Since no one in a free society has a customer, a supplier, a job, an insurance policy, or a bank loan by force, since there are no laws to entrench mediocrity (or worse) and bar the path of talent, every chance exists for the innovator, the fountainhead in any field, to be heard, to place on the market the work of his mind, to fight slothful opposition, to rise to the top and be rewarded. The source of capitalism’s creativity, therefore, may be described as “competition”; but it is the kind which rests on the fact that each man is free to offer his best and that other producers are free to decide whether or not to buy it. The real source, in a word, is freedom, which clears the road for the active mind.

Integrity, the refusal to permit a breach between thought and actions, presupposes an individual’s freedom in regard to both man’s attributes: mind and body. A breach between the two is inherent in statism; leaving aside torture or brainwashing, dictatorships do not try directly to crush the subject’s mind; what they do is take over a population’s physical resources, making it impossible for an individual to act on his conclusions. Integrity demands men of principle, who spurn any plea for a moral compromise. Who can be anything but “flexible” in the most mealy-mouthed, pragmatist sense, when the pleaders express their viewpoint not only with words, but also by pointing to the paraphernalia of compulsion waiting mutely to back the words up?

The final moral issue to be considered here is the principle of egoism. since egoism is a requirement of life and a presupposition of rights, it is inherent in the system of life and rights. Under capitalism, as a matter of fundamental law, man is is an end in himself. Though he is free to live for others, each is expected by the nature of the system to be the beneficiary of his own actions: he gains values by pursuing his own life, property, and happiness. This is the opposite of any system that upholds self-denial.

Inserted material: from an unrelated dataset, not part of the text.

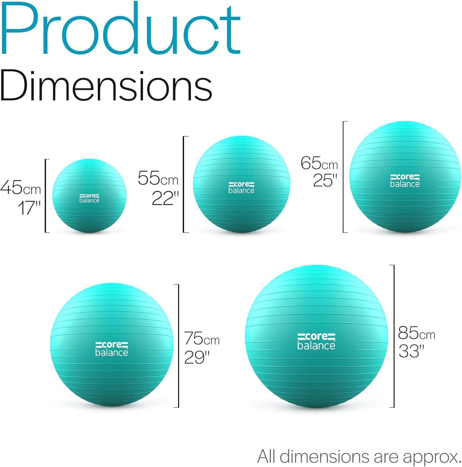 To suit different heights and needs, this exercise ball comes in these sizes:

Capitalism rewards the pursuit of rational self-interest. Since rights are inalienable, a man can succeed ultimately only by creative thought and action, not by sacrificing others through the use of force or fraud. Nor can he succeed by sacrificing himself - whether through selfless service or plain irrationality, such as being irresponsible, context-dropping, and short-range. Criminality aside, a man can act irrationally under capitalism; but he cannot run to the government for any recompense or bailout. In a system based on adherence to nature, there are no “no fault” clauses. Either one adheres to nature or, in due course, nature takes care of the matter.

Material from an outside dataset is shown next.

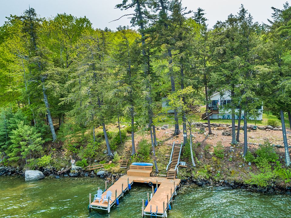 Spacious, welcoming, Bear Island Cottage with 2 spacious bedrooms, 2 large lofts, an amazing screen porch, covered deck for grilling, full bath, washer and dryer, wood stove, and gas range. new roof installed summer of 2019. This home has everything you need to comfortably enjoy your family and friends on "Island Time". Spacious and comfortable sleeping for 11 people or more, 200' of water frontage with U shaped seasonal dock on 2.62 acres with a state approved septic system. Relax and enjoy the incredible views to the mountains while sitting around the large fire pit. The home boasts a large, flat, grassy yard for outdoor recreation, something not typically found on an island property. Water is pumped from the lake and there is a spring fed well to add charm. The over-sized shed could easily be converted into a bunk house. Bear Island is conveniently located close to the mainland and has wonderfully maintained hiking trails easily accessed from the property. Desirable Bear Island homes like this don't become available often. Make this the island vacation home you have been dreaming of.

Morally, I conclude, capitalism emerges triumphant: it is the system of and for the good. For which reason, evil men under capitalism cannot succeed, not in the long run. No system can guarantee rationality. What a proper system can do, however, is to de-fang the evil. By safeguarding innocents from force, capitalism does the possible in this regard. To be free from the machinations of the wicked, all that a man needs is freedom. The only protection virtue needs from vice is a single rule: hands off! Thereafter, the worst that the exponents of unreason can achieve is to make the path of the moral man more difficult - for a while.

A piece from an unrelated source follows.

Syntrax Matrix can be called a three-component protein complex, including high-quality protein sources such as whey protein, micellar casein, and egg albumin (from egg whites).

Pal, whenever I see your posts, I feel headache. They are so long. :frowning:

I have 3 subscribers - including a system developer who posted in this thread (poaching?!! LOL) They all subscribed today!

I think this is directly due to the effect of the Realism Factor (RF) released recently.

The morally objective value of a product is the evaluation reached by the men with the best grasp of reality (in a specific category and context, in this case aided by the RF), regardless of whether or not they are involved in buying and selling the product. The socially objective value is the evaluation reached by the actual buyers and sellers (in the real-world). These two evaluations are not necessarily the same (in the absence of the RF), because the buyers and sellers may lack the requisite grasp of reality (reflected in RF); they may lack the knowledge which would make the product, as judged by their own mind, a need, a pleasure, a value (or, conversely, which would make the product a disvalue).

The free market, however, is the greatest of all educators. It continually raises the knowledge of the citizens, the caliber of their tastes, the discrimination of their pleasures, the sophistication of their needs.

>I have priced my systems rather high by C2 standards…

A free market is a continuous process that cannot be held still, an upward process that demands the best (the most rational) of every man and rewards him accordingly. While the majority have barely assimilated the value of ETFs, the creative minority introduces the Hedge Funds. The majority learn by demonstration, the minority is free to demonstrate…

Within every category of goods and services…it is the purveyor of the best product at the cheapest price who wins the greatest financial rewards in that field - not automatically nor immediately nor by fiat, but by virtue of the free market, which teaches every participant to look for the objective best within the category of his own competence, and penalizes those who act on irrational considerations.

Pal, I will see you on WSJ-----keep up the good work write as much philosophical ideas which are not related to trading as you want , I love to read them . Love it

If a system makes money for its subscribers they will be happy and continue to pay the subscription rate. If it does not they will be unhappy and will stop paying the subscription rate.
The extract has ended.